Aim of the exercise:
Reproduce each line below precisely. Drop the pictures.

Provided material:
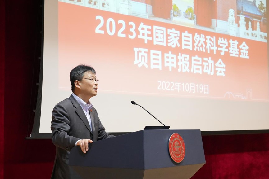谷国迎从学科、系所、职称等多个维度,总结分析学院2022年基金申报及立项情况,同时分析展望2023年学院申报工作。他指出2022年学院青年面上基金资助率保持了较好水平,传统学科继续发挥优势,希望大家不断提高科研能力和水平,在2023年基金申报中取得新的突破。
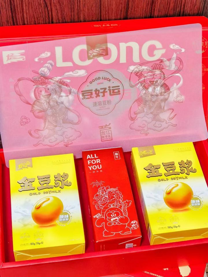 “豆好运”新春礼盒设计独具匠心,不仅包装精美,充满浓厚的中国风元素,更寓意着新年的好运连连、福气满满。礼盒中包含了多种口味的龙王豆浆产品,既有经典原味豆浆,也有满足不同消费者需求的创新口味,如金豆豆浆、黑豆豆浆等,旨在满足全家人在欢聚一堂时的不同口感需求。
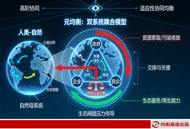 “元均衡”包含两个核心层次:一是物理流量均衡与适应性协同均衡。前者是底线,要求人类索取资源与排放污染的速度不得超过自然的再生与净化能力,这是文明存续的刚性约束。二是智慧,要求人类发展出生态感知与适应性治理能力,主动调整社会经济发展模式,使之与自然节律长期协同,实现动态共生。
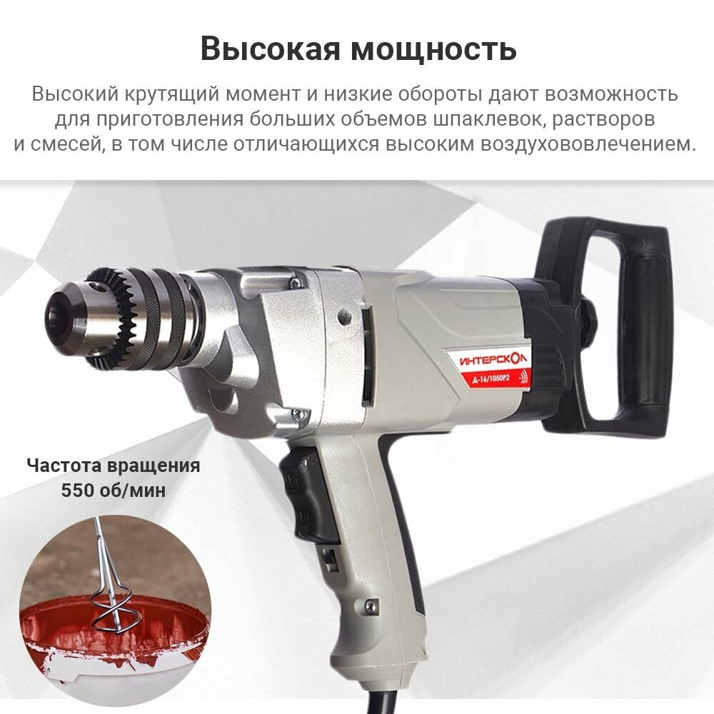 Дрель-миксер мощная низкооборотная ИНТЕРСКОЛ 473.1.0.00 Д-16/1050Р2, 1050 Вт, 160 Нм, 550 об/мин интересное:

Solved exercise:
谷国迎从学科、系所、职称等多个维度,总结分析学院2022年基金申报及立项情况,同时分析展望2023年学院申报工作。他指出2022年学院青年面上基金资助率保持了较好水平,传统学科继续发挥优势,希望大家不断提高科研能力和水平,在2023年基金申报中取得新的突破。
 “豆好运”新春礼盒设计独具匠心,不仅包装精美,充满浓厚的中国风元素,更寓意着新年的好运连连、福气满满。礼盒中包含了多种口味的龙王豆浆产品,既有经典原味豆浆,也有满足不同消费者需求的创新口味,如金豆豆浆、黑豆豆浆等,旨在满足全家人在欢聚一堂时的不同口感需求。
 “元均衡”包含两个核心层次:一是物理流量均衡与适应性协同均衡。前者是底线,要求人类索取资源与排放污染的速度不得超过自然的再生与净化能力,这是文明存续的刚性约束。二是智慧,要求人类发展出生态感知与适应性治理能力,主动调整社会经济发展模式,使之与自然节律长期协同,实现动态共生。
 Дрель-миксер мощная низкооборотная ИНТЕРСКОЛ 473.1.0.00 Д-16/1050Р2, 1050 Вт, 160 Нм, 550 об/мин интересное:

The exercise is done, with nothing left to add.